What other evidence do we have? We have Judge Kavanaugh's calendars, detailed day to day. I have to admit, when the calendars were first released, there were press stories about them. I didn't find that terribly persuasive evidence. Until Judge Kavanaugh walked through day by day, each of the possible days when this was alleged to have happened, and walked through the specific conflicts, how he was out of town for many of the days, how he had conflicts for many of the days. The notion of his calendars were almost like diaries. Frankly, I think it's kind of odd. That's not something many people do, but it appears to be something both he and his father do. That contemporaneous evidence that he kept in 1982, I will tell you, in a court of law, that kind of contemporaneous evidence would be powerful. If you are trying to ascertain two conflicting witness and which one is telling the truth, you would look for contemporaneous evidence one way or the other.

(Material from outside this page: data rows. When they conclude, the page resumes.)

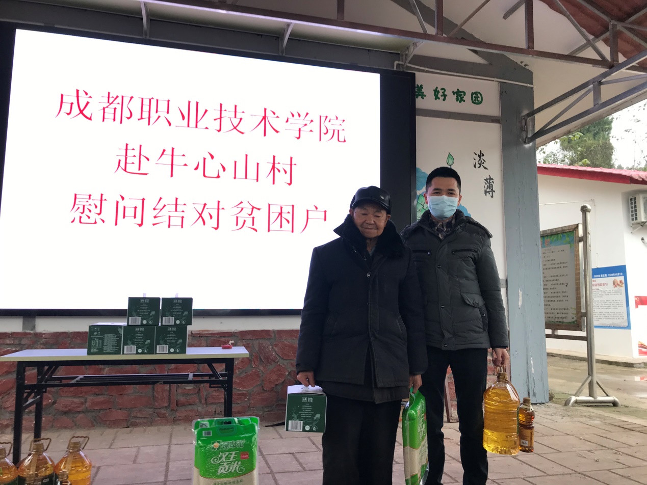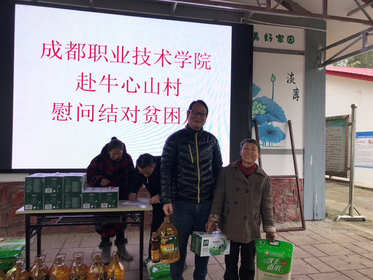 12月9日上午,医护学院党支部书记何涛,国际教育学院院长李晓莉、国际交流合作办公室主任钟富强,软件学院党总支副书记刘喜和部分党员代表来到学院对口帮扶点简阳市禾丰镇牛心山村,看望当地贫困户,向困难群众送上暖冬物资及扶贫资金。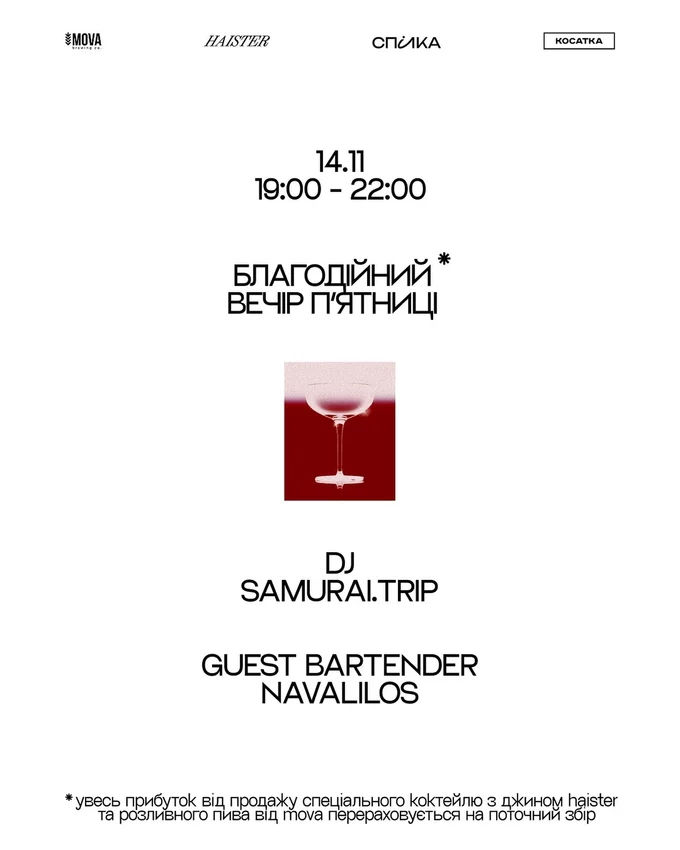 У пʼятницю «Спілка» організовує благодійний вечір у кафе «Косатка». Там будуть благодійні коктейлі, діджей-сети й пиво. 100% прибутку з продажу благодійних напоїв підуть на підтримку листопадового збору «Спілки» на «Чуйку 3.0» – пристрій радіоелектронної розвідки для бронегрупи ГУР МО «Кракен» – і на пікап для батальйону безпілотних систем «Щедрик».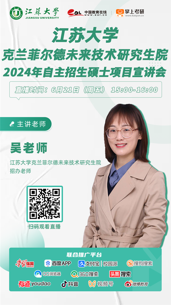 江苏大学克兰菲尔德未来技术研究生院招办吴老师将进入直播间,为考生带来干货满满的线上招生宣讲,全面介绍学院发展、学科概况、专业特色、人才培养、奖助学金体系、就业前景等,帮助大家进一步了解江苏大学克兰菲尔德未来技术研究生院的研究生招生与培养信息。
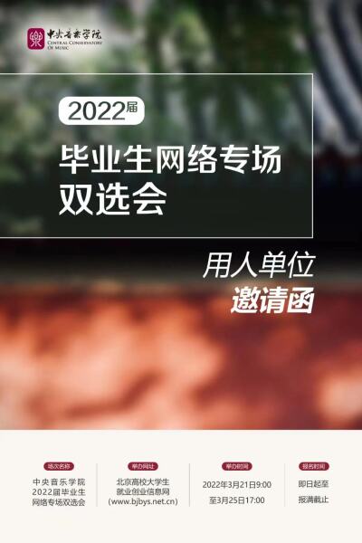 衷心感谢各用人单位多年来对于中央音乐学院就业工作的关心和支持!为贯彻党中央、国务院"稳就业"、"保就业"的决策部署,根据教育部和北京市教委对北京高校毕业生就业工作的相关要求,促进高校毕业生更加充分更高质量就业,中央音乐学院与北京高校大学生就业创业指导中心将联合举办"BJBYS成功就业"-中央音乐学院2022届毕业生网络专场双选会"。中央音乐学院愿积极搭建选聘平台,诚邀广大用人单位选聘毕业生,参与就业招聘活动!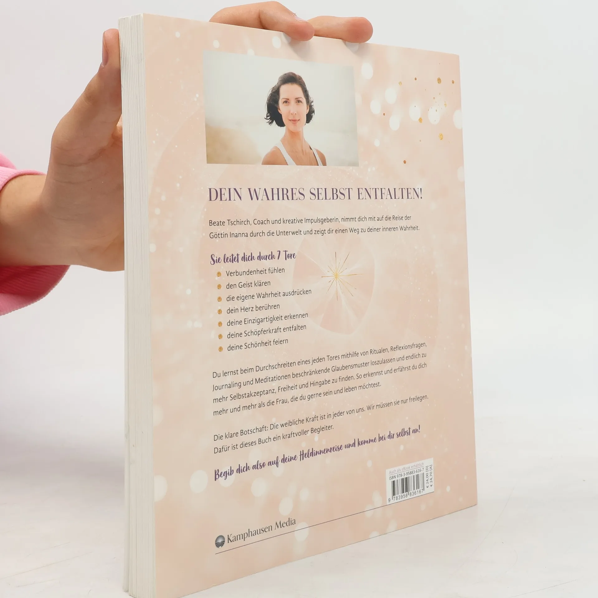 Freiheit, Stärke und Selbstakzeptanz: Setze deine weibliche Urkraft frei! Jede Frau kann eine Kraftquelle anzapfen, um ihr volles Potenzial zu leben. Glaubensmuster und Alltagshindernisse scheinen uns einzuengen, doch Beate Tschirch zeigt in ihrem Praxisbuch, wie du dich von diesen Fesseln befreien kannst. Authentisch leben, zu dir selbst finden und spirituelle Traditionen ins Hier und Jetzt übertragen – mit diesem Buch gelingt dir der Weg zum Female Empowerment! Begib dich auf deine Heldinnenreise und entdecke die göttliche Kraft in dir! Der Weg der Göttin umfasst persönliche Weiterentwicklung durch Meditationen und Übungen. Durchschreite die 7 Tore mit spirituellen Ritualen und kraftvollen Impulsen. Dieser Ratgeber zur Selbstfindung hilft dir, deine weibliche Urkraft freizusetzen. Schluss mit Kleinhalten und Zurückstecken – es ist Zeit für Women-Power! Schritt für Schritt zu deinem wahren Ich: So kommst du in deine Kraft! Sei wie die Göttin Inanna, die sich nicht versteckt und ihren eigenen Weg geht. Überwinde Unsicherheiten und schöpfe dein Potenzial aus. Tschirch, Yoga- und Meditationslehrerin sowie Trainerin für Female Empowerment, zeigt dir, wie du durch Rituale und Reflexionen das hinter dir lässt, was dich bremst. Lerne, spirituell zu leben und die Kraft deiner Weiblichkeit zu erkennen – setze deine innere Göttin frei!

And finally, we know Judge Kavanaugh's impeccable record of decades of public service. He's 53 years old, and prior to two weeks ago, there had been no allegations whatsoever of this kind. Six background checks, and detailed, thorough FBI background checks, and nobody raised any claim like this. Now, all of us know from human experience that if someone is a sexual predator, if someone is committing the kind of actions that have been alleged, that it is very rare that they are a one-time offender. That if someone is carrying out this kind of conduct, they typically have a pattern of doing so over and over and over again. We have seen powerful men throughout society, in politics and journalism and Hollywood, whose careers have rightly been ended, but they've been ended for a pattern of harassment or abuse that typically extends decades. Because when someone behaves like this, they behave like this over and over again. There's no credible indication that that's occurred. Indeed, it's striking that in his 12 years as an appellate judge, a majority of his law clerks have been women. That is exceptionally unusual. I don't know of another federal appellate judge for whom that is the case. And I can tell you his law clerks revere him. They hold him in the very highest of respect. His reputation, Judge Kavanaugh's reputation in this town is of being a Boy Scout, is of being a boring Boy Scout. That has been his reputation for a long time.

Now, some might say, well, gosh, in the press, there have been these other sensational allegations. We've seen others that have popped up after this one. Well, I thought it was striking in yesterday's hearing that not a single Democratic member of this committee chose to ask about any of the other allegations. That indicates how little credibility there is behind those allegations. The one that is the most sensations, by the client of Mr. Avenatti, makes extraordinary claims, which apparently our Democratic colleagues are embarrassed to say publicly because they demonstrate that this has become a partisan circus. This is not about substance. This is about smears.

[12:00:11] GRASSLEY: Can I ask the Senator if he can sum up?